▶ **EXERCISE DETAILS**: Pictures in the data should be dropped; transcribe exactly the lines from the one that has "49 So shall" through the one that has "Details : Kurze".

╭─ EXTRACTED ENTRIES

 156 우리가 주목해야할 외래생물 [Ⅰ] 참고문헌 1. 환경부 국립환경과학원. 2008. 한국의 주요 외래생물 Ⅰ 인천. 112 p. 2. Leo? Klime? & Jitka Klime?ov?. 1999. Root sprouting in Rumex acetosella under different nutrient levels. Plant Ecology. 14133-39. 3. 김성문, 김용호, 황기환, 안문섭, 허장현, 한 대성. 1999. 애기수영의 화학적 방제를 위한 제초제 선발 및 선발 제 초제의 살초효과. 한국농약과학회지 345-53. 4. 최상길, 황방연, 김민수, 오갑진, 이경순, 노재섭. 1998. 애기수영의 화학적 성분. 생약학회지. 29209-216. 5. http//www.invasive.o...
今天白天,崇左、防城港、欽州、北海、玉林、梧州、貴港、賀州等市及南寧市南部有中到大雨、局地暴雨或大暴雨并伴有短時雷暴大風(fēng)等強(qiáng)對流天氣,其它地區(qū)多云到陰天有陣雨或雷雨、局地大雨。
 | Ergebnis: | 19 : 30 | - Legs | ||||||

╰─
╭─ EXTRACTED ENTRIES

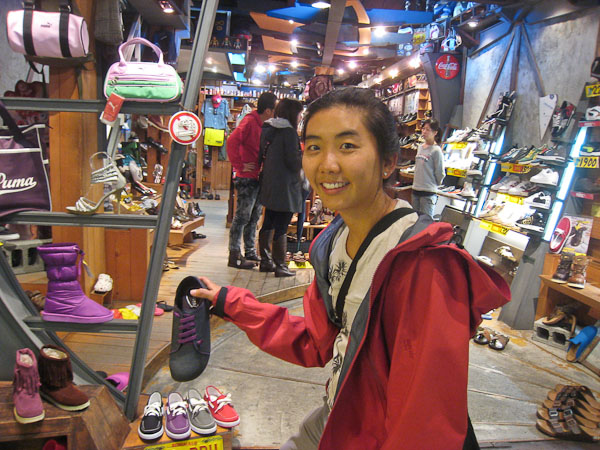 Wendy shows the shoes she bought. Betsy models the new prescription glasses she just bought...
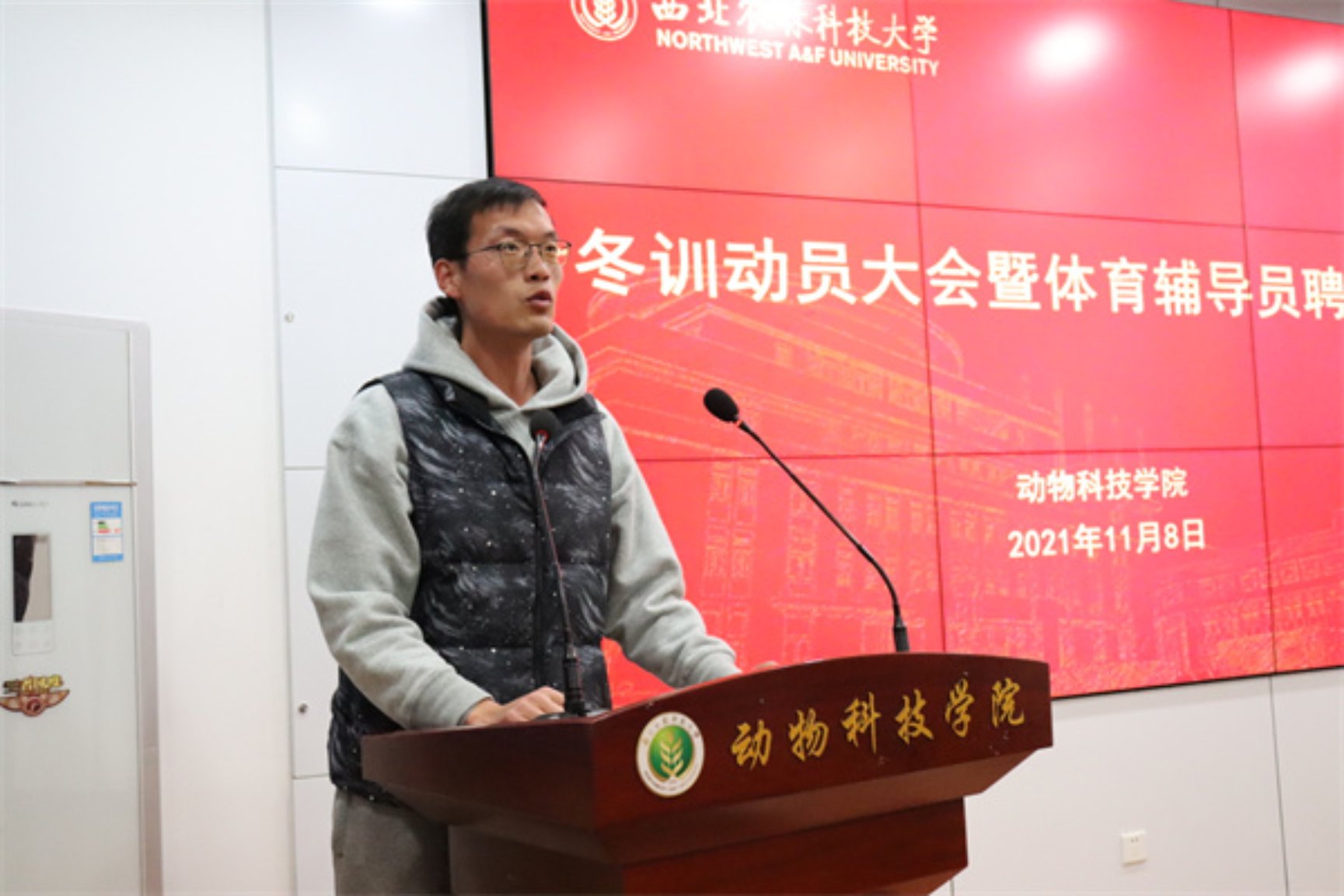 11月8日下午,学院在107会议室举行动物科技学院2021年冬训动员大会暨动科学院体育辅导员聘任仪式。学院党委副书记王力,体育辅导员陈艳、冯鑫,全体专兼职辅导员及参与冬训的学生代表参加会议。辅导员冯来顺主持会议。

╰─
╭─ EXTRACTED ENTRIES

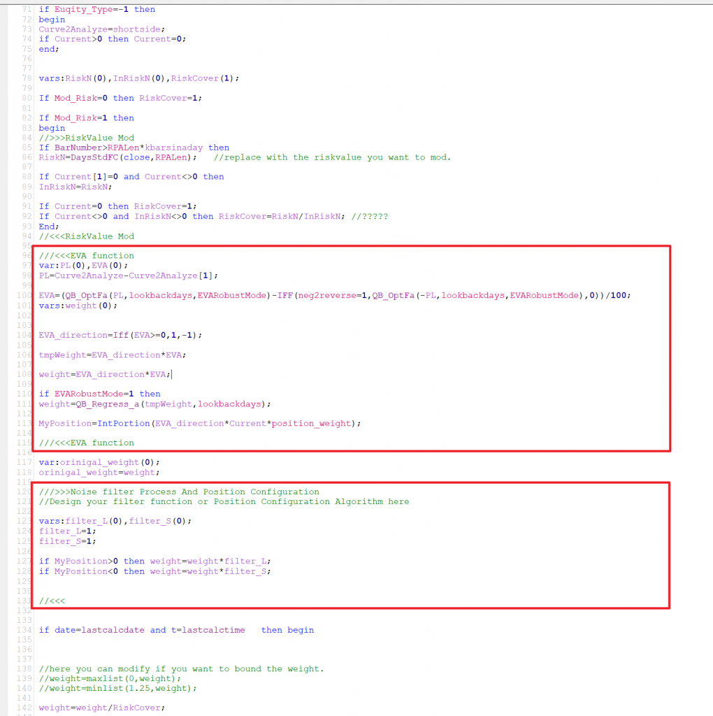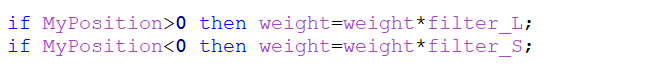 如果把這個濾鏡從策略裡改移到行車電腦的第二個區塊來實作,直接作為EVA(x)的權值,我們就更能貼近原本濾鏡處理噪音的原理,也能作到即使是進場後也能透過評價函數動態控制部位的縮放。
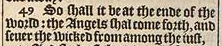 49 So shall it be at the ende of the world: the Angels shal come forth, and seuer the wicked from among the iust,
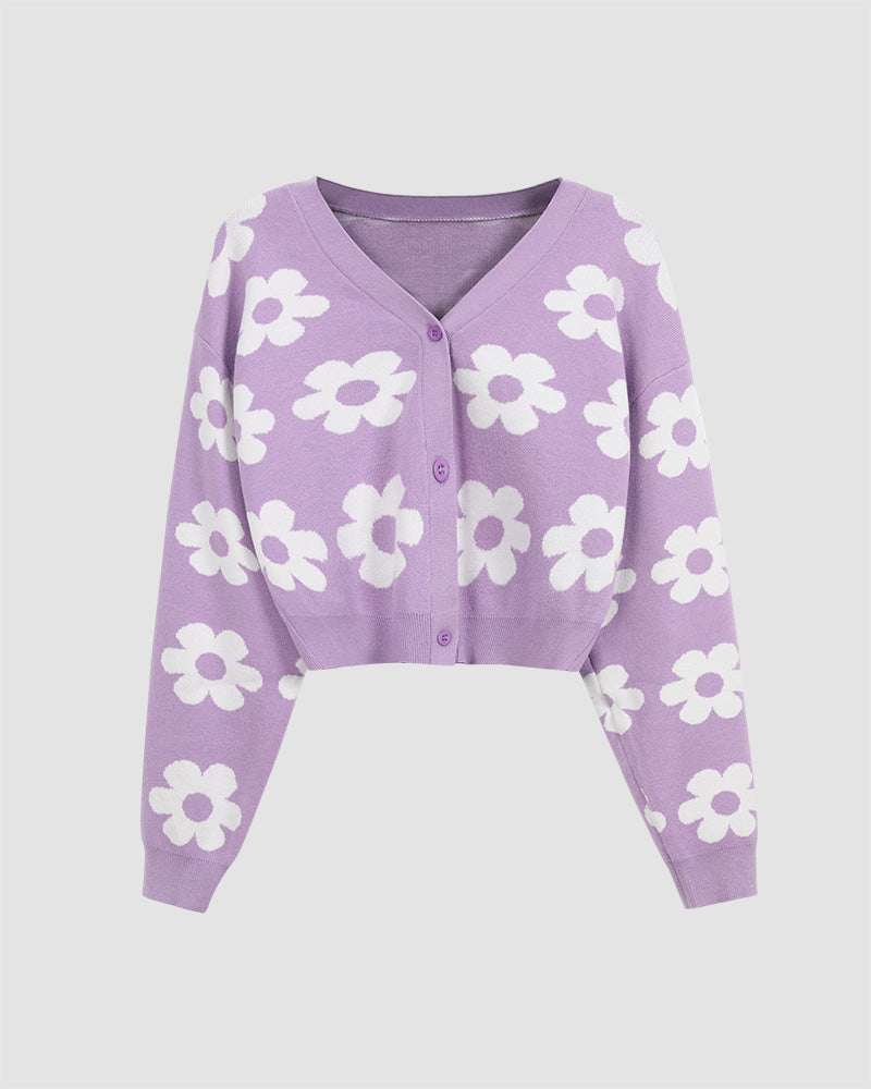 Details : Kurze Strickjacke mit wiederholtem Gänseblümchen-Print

╰─

▶ **TASK OUTPUT**:
 49 So shall it be at the ende of the world: the Angels shal come forth, and seuer the wicked from among the iust,
 Details : Kurze Strickjacke mit wiederholtem Gänseblümchen-Print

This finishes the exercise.